When she made the 911 call, instead of hanging up when she heard her husband coming back into the room, she left the line open and slid the receiver under the sofa so he wouldn’t see it.
The dispatcher couldn’t make out all that was said and we’ve listened to the tape twenty times.
Most of the verbal exchanges are inaudible.
But there’s one statement that’s loud and clear.
It’s his voice, the in-laws have already identified it.
So, if he gets his wish and his wife dies, he can’t show up claiming to have been kidnapped and say it was an intruder. It’s him.”
“Can we hear the tape?” Addy had dropped her hands into her lap, clasped them together so tightly her fingers were white.
Wyatt wished he could take her hands in his and at least try to console her just a little.
“Of course.” Henley reached into a desk drawer and removed a handheld recording device.

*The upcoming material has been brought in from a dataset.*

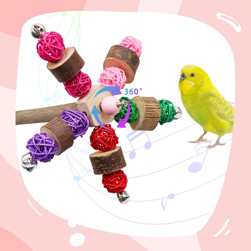 - Interactive Bird Entertainment: Our bird perch toy features a rotating takraw ball and bell, creating a delightful ringing sound when your bird chews or interacts with it. This engaging activity enriches your bird's life, keeping them entertained and preventing boredom in the cage.

“By the way, when he entered the hospital and killed a nurse and one of my men”—Henley met Wyatt’s gaze, then Addy’s, unadulterated rage in her own—“he had changed his appearance. He wore glasses and he’d shaved his head. ”
“Jamison is bald?” Addy echoed, her eyes suddenly wide with fear.
“According to the nurse who survived his attack and two other members of the hospital staff,” Henley explained, “his head was as smooth as a baby’s butt.”
Addy turned to him. “Put Womack on my mother’s room,” she demanded, her expression, her voice, frantic. “Now!”
Wyatt reached into his pocket for his phone. “You think he knows your mother is in the hospital and might show up?”
Her face went even paler. “He’s already been there. I saw him. He was mopping the floor. He bumped into me . . .” Her breath hitched. “He asked me if she—Irene—was my mother.”
Wyatt made the call. Addy didn’t stop twisting her fingers together until he’d closed his phone and confirmed that it was done. “He’s filling in hospital security on our concerns en route. If Jamison is there or shows up, he’s not going to get near your mother.”
Addy breathed an audible sigh of relief. She turned back to Sheriff Henley. “Can we hear the call now?”
Henley pushed play on the recorder.
A new tension simmered through Wyatt as he watched the kaleidoscope of changing reactions play out on Addy’s face.
She flinched at the crashes and screams. The inaudible rants and snarls by Daniel Jamison had her leaning forward in an attempt to make out the words.
His intent was unmistakable. He wanted his wife dead.
“Here it comes,” Henley warned.
The screams and the sobs abruptly stopped.
A moment of taut silence, then . . .
“There will be no princess in this house!”